No. a-z means a-z. If you want the localized set of alphanumeric 
characters, you need \w.


Likewise 0-9 means 0-9. If you want localized digits, you need \d.


> I mean, how do you deal with

languages that are not English with regular expressions? I would
assume that as long as you set the right encoding, Python will be able
to determine which subset of specific sequences of bytes count as a-z
or A-Z.


Encodings have nothing to do with this issue.

Literal characters a, b, ..., z etc. always have ONE meaning: they 
represent themselves (although possibly in a case-insensitive fashion). 
E means E, not È, É, Ê or Ë.


Localization tells the regex how to interpret special patterns like \d 
and \w. This has nothing to do with encodings -- by the time the regex 
sees the string, it is already dealing with characters. Localization is 
about what characters are in categories ("is 5 a digit or a letter? how 
about ٣ ?").


Encoding is used to translate between bytes on disk and characters. For 
example, the character Ë could be stored on disk as the hex bytes:


\xcb  # one byte
\xc3\x8b  # two bytes
\xff\xfe\xcb\x00  # four bytes

and more, depending on the encoding used.


--
Steven
___
Tutor maillist  -  Tutor@python.org
To unsubscribe or change subscription options:
http://mail.python.org/mailman/listinfo/tutor


Re: [Tutor] A regular expression problem

2010-11-30 Thread Josep M. Fontana
On Sun, Nov 28, 2010 at 6:14 PM, Steven D'Aprano  wrote:

> Have you considered just using the isalnum() method?
>
 '¿de'.isalnum()
> False

Mmm. No, I didn't consider it because I didn't even know such a method
existed. This can turn out to be very handy but I don't think it would
help me at this stage because the texts I'm working with contain also
a lot of non alpha-numeric characters that occur in isolation. So I
would get a lot of noise.

> The first thing to do is to isolate the cause of the problem. In your code
> below, you do four different things.

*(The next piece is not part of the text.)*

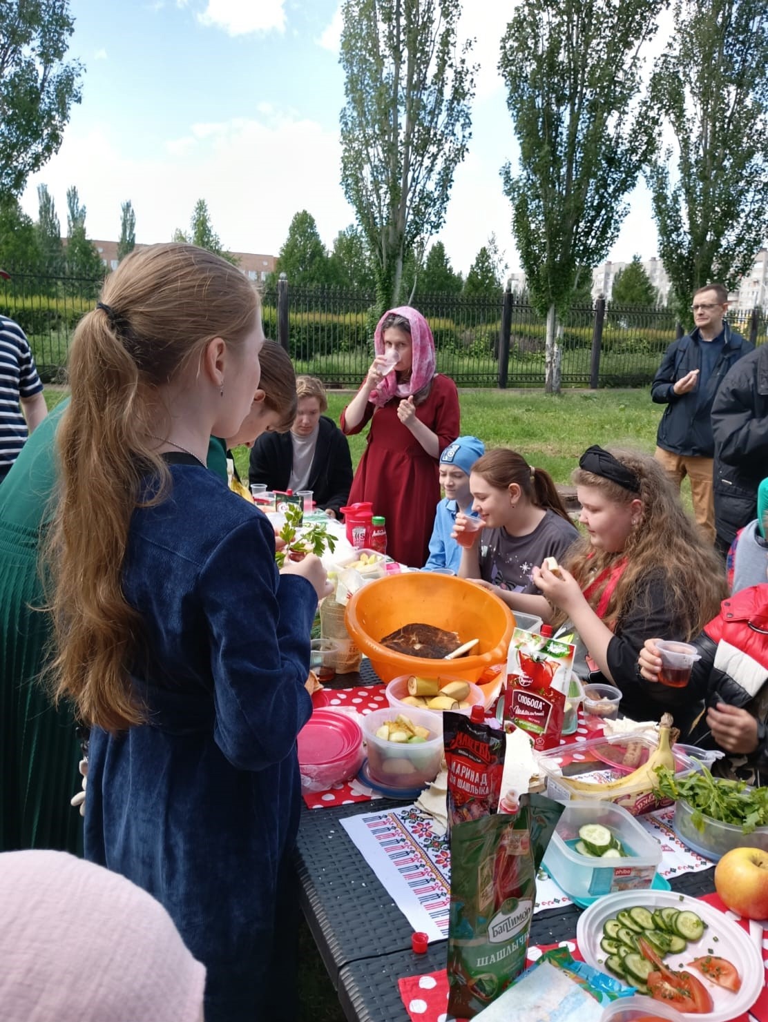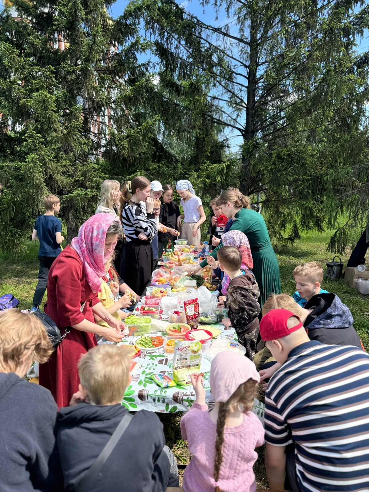 Последняя встреча в этому учебном году воспитанников нашей Воскресной Школы прошла на свежем воздухе: мы организовали пикник! Стол был полон угощений: жаренные сосиски, бутерброды, овощи, фрукты, сладости и чай.

In no particular order:
>
> 1 open and read an input file;
> 2 open and write an output file;
> 3 create a mysterious "RegexpTokenizer" object, whatever that is;
> 4 tokenize the input.
>
> We can't run your code because:
>
> 1 we don't have access to your input file;
> 2 most of us don't have the NLTK package;
> 3 we don't know what RegexTokenizer does;
> 4 we don't know what tokenizing does.

As I said in my answer to Evert, I assumed the problem I was having
had to do exclusively with the regular expression pattern I was using.
The code for RegexTokenizer seems to be pretty simple
(http://code.google.com/p/nltk/source/browse/trunk/nltk/nltk/tokenize/regexp.py?r=8539)
and all it does is:

"""
Tokenizers that divide strings into substrings using regular
expressions that can match either tokens or separators between tokens.
"""



> you should write:
>
> r'[^a-zA-Z\s0-9]+\w+\S'

Now you can understand why I didn't use r' ' The methods in the module
already use this internally and I just need to insert the regular
expression as the argument.


> Your regex says to match:
>
> - one or more characters that aren't letters a...z (in either
>  case), space or any digit (note that this is *not* the same as
>  characters that aren't alphanum);
>
> - followed by one or more alphanum character;
>
> - followed by exactly one character that is not whitespace.
>
> I'm guessing the "not whitespace" is troublesome -- it will match characters
> like ¿ because it isn't whitespace.


This was my first attempt to match strings like:

'&patre--' or '&patre'

The "not whitespace" was intended to match the occurrence of
non-alphanumeric characters appearing after "regular" characters. I
realize I should have added '*' after '\S' since I also want to match
words that do not have a non alpha-numeric symbol at the end (i.e
'&patre' as opposed to '&patre--'

>
> I'd try this:
>
> # untested
> \b.*?\W.*?\b
>
> which should match any word with a non-alphanumeric character in it:
>
> - \b ... \b matches the start and end of the word;
>
> - .*? matches zero or more characters (as few as possible);
>
> - \W matches a single non-alphanumeric character.
>
> So putting it all together, that should match a word with at least one
> non-alphanumeric character in it.


But since '.' matches any character except for a newline, this would
also yield strings where all the characters are non-alphanumeric. I
should have said this in my initial message but the texts I'm working
with contain lots of these strings with sequences of non-alphanumeric
characters (i.e. '&%+' or '&//'). I'm trying to match only strings
that are a mixture of both non-alphanumeric characters and [a-zA-Z].

> [...]
>>
>> If you notice, there are some words that have an accented character
>> that get treated in a strange way: all the characters that don't have
>> a tilde get deleted and the accented character behaves as if it were a
>> non alpha-numeric symbol.
>
> Your regex matches if the first character isn't a space, a digit, or a
> a-zA-Z. Accented characters aren't a-z or A-Z, and therefore will match.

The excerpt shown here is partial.